(Records drawn from a dataset)

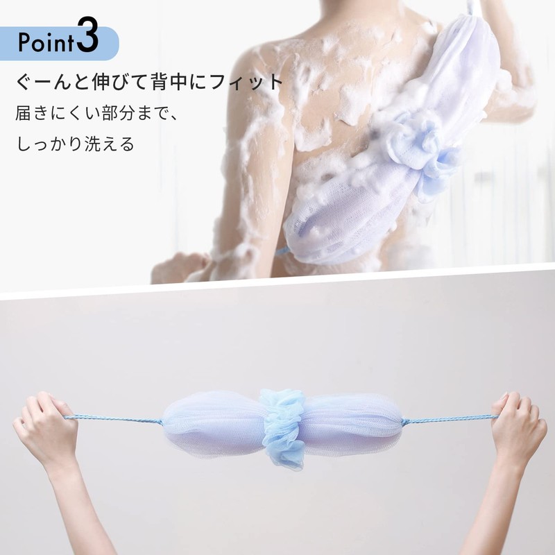 Marna B691B Bubble Factory Double Bubble Body Scrubber, Back Washable, Boing Boing Stretchy, Color: Blue
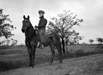 Marine Air Corps Station. Private First Class Brusenhan, 18, of Coleman, Texas on horse at the Marine Air Corps Station. "'The Cowboy Marine' is Private First Class Gene Brusenhan, 18, son of Mr. and Mrs. Brusenhan of Coleman, Texas. In the Marine Corps a year, the ranch boy has seen six months service in Hawaii, is now assigned as orderly to Colonel Lee. Marine guards patrol the base on horseback." Private First Class Brusenhan is riding a horse. The horse is looking at the camera with erect ears, as if on alert. Private first class Brusenhan is wearing muddy boots, slacks, a bomber jacket, a hat with a chin strap, and a plastic cap which appears to serve the purpose of protecting the hat from water. The horse's feet are also muddy. Grasses and trees are filling the landscape around the pair.
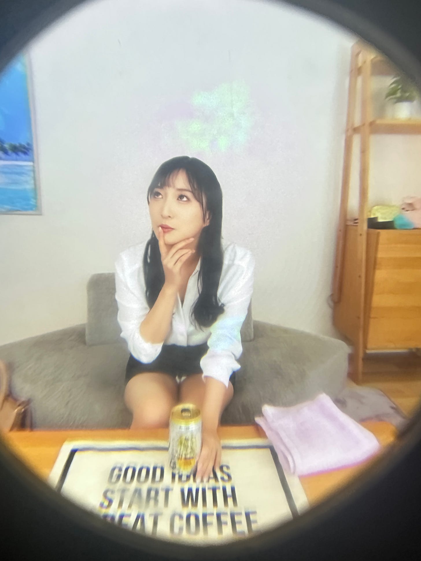 Her legs part on the couch, black skirt sliding up her smooth thighs, teasing me slow. Her white blouse loose, hinting at her chest, feels good, too good already.
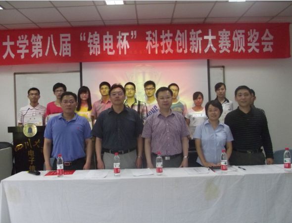 2012年5月8日下午两点,四川大学第八届“锦电杯”科技创新大赛颁奖典礼在望江校区基础教学楼A303成功举行。成都锦江电子系统工程有限公司总经理陈泽铭先生、人劳企营处处长程晓明女士、bat365在线体育登录黄卡玛院长、bat365在线体育登录周新志副院长、bat365在线体育登录党委陈笃海副书记莅临本次颁奖典礼。颁奖典礼由周院长主持。
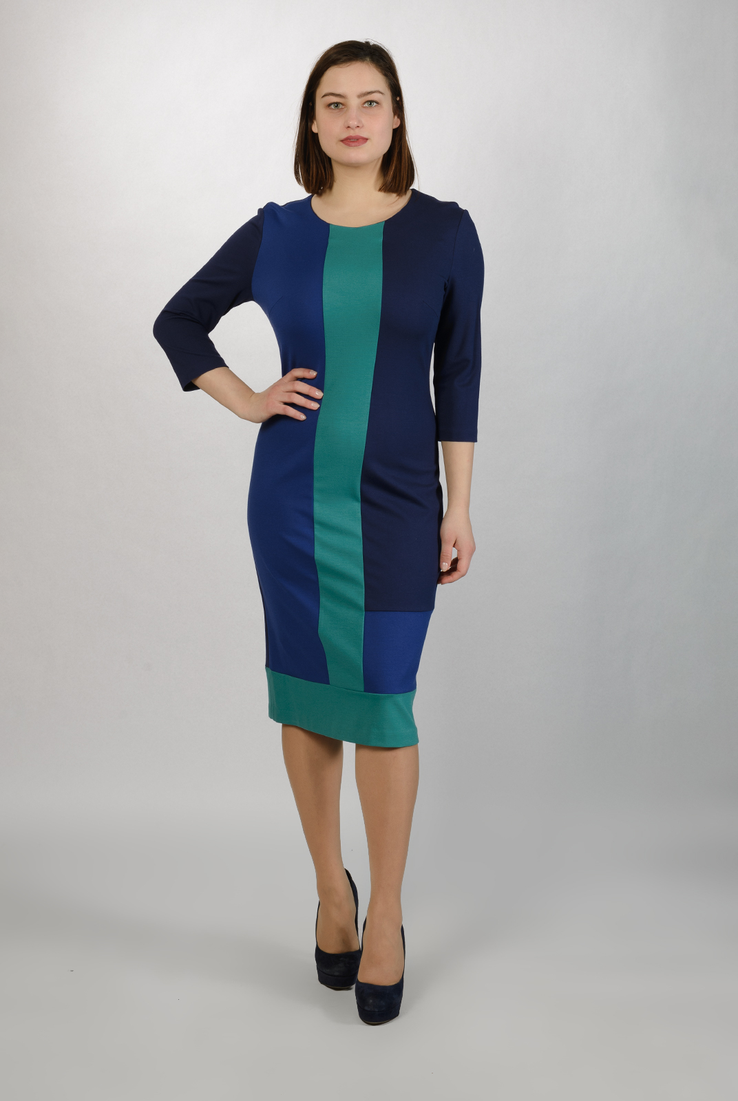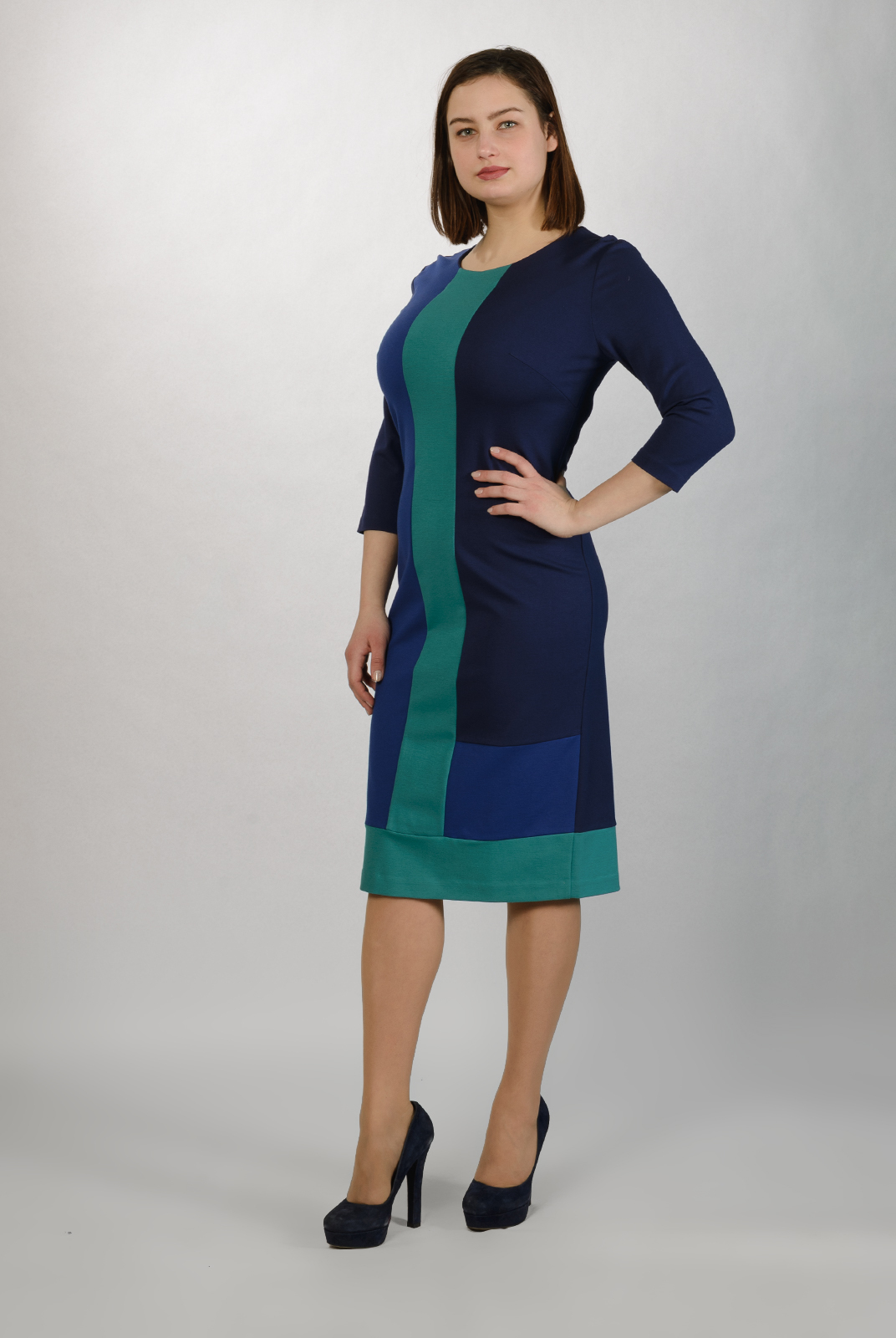 Платье полуприлегающего силуэта, скомбинировано из ткани разных цветов. Данная модель хорошо впишется в повседневный гардероб.

| WHAT THE EXERCISE ASKS |
Repeat the records in full, exactly as they appear, without the pictures.

| WRITTEN REPLY |
 Marna B691B Bubble Factory Double Bubble Body Scrubber, Back Washable, Boing Boing Stretchy, Color: Blue
 Marine Air Corps Station. Private First Class Brusenhan, 18, of Coleman, Texas on horse at the Marine Air Corps Station. "'The Cowboy Marine' is Private First Class Gene Brusenhan, 18, son of Mr. and Mrs. Brusenhan of Coleman, Texas. In the Marine Corps a year, the ranch boy has seen six months service in Hawaii, is now assigned as orderly to Colonel Lee. Marine guards patrol the base on horseback." Private First Class Brusenhan is riding a horse. The horse is looking at the camera with erect ears, as if on alert. Private first class Brusenhan is wearing muddy boots, slacks, a bomber jacket, a hat with a chin strap, and a plastic cap which appears to serve the purpose of protecting the hat from water. The horse's feet are also muddy. Grasses and trees are filling the landscape around the pair.
 Her legs part on the couch, black skirt sliding up her smooth thighs, teasing me slow. Her white blouse loose, hinting at her chest, feels good, too good already.
 2012年5月8日下午两点,四川大学第八届“锦电杯”科技创新大赛颁奖典礼在望江校区基础教学楼A303成功举行。成都锦江电子系统工程有限公司总经理陈泽铭先生、人劳企营处处长程晓明女士、bat365在线体育登录黄卡玛院长、bat365在线体育登录周新志副院长、bat365在线体育登录党委陈笃海副书记莅临本次颁奖典礼。颁奖典礼由周院长主持。
 Платье полуприлегающего силуэта, скомбинировано из ткани разных цветов. Данная модель хорошо впишется в повседневный гардероб.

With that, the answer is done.